Alice held her breath. Henri, who rode nea
r, seemed to sit stiffly in the saddle.
The wizened dwarf of a Chief Falconer gave a hearty shout. “Milords! Ladies! Look!”
Three herons flew swiftly over the Bridge Village. Alice and Henri glanced at each other in amazement. Too much good luck too early meant bad luck in the near future.
Cord pointed at the herons. “What did I tell you?”
Cord’s brazenness startled Alice. After all, he’d made up the entire story. Then she smiled. Surely, Cord had been wise enough to tell them about herons he’d seen in the past. He no doubt took them to a place where he’d expected to see herons, or where there would be a good chance of spotting some.
The bailiff shook his head. “You’ve the endurance of your hounds. How else can you run for so long without becoming tired?”
“Do we give chase, milord?” asked Cord.
The bailiff studied the herons, which flew across the boiling Iodo River and toward a stand of marsh about a half mile away on the other side.
“It’s farther than we planned to ride,” the bailiff said.
“Let’s go!” shouted Lady Martha.
The wizened Chief Falconer nodded vigorously and seconded her opinion.

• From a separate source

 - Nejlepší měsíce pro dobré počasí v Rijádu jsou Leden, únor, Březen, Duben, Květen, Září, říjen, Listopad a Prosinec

“Onward!” Sir Walter shouted. He touched a prick spur to his palfrey and galloped toward the center of the village. The others followed, many of their birds screeching at the increased pace.
The Bridge Village was the biggest of Pellinore Fief’s villages. Stables stood ready for travelers’ horses and mules, while inns beckoned them to stay and rest or to throw darts and get drunk. Seedy beds where as many as ten customers slept at a time contained hordes of lice and far too many rats and mice for the cats to destroy. The food was good and Baron Hugh had never allowed the innkeepers to overcharge the travelers or to play the more common tricks upon them, such as a harlot stealing a man’s money after he fell asleep, or the seizure of a guest’s baggage, on the pretense that the man hadn’t paid. After Baron Hugh hanged a dishonest innkeeper, the others plied their trade honestly.

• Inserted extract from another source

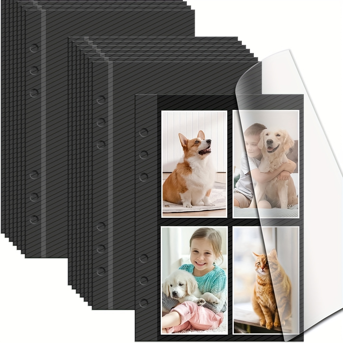 TEMU 리필 가능한 스크랩북 앨범 페이지, 6링 바인더 포함, 15장 자체 접착 시트, 2x3, 4x6, 5x7 사진 호환

The best farmland lay around the Bridge Village, and the most prosperous farmers lived here. Many of the homes were as big and as sturdily built as Old Alfred’s, in East Village. In the center of town, close to the toll bridge, stood a tall stone church, the fief’s biggest. Because of its importance, a wooden wall had been built around the Bridge Village. Houses had been built beyond the wall, but the very center of town, and the toll bridge, were protected after a fashion.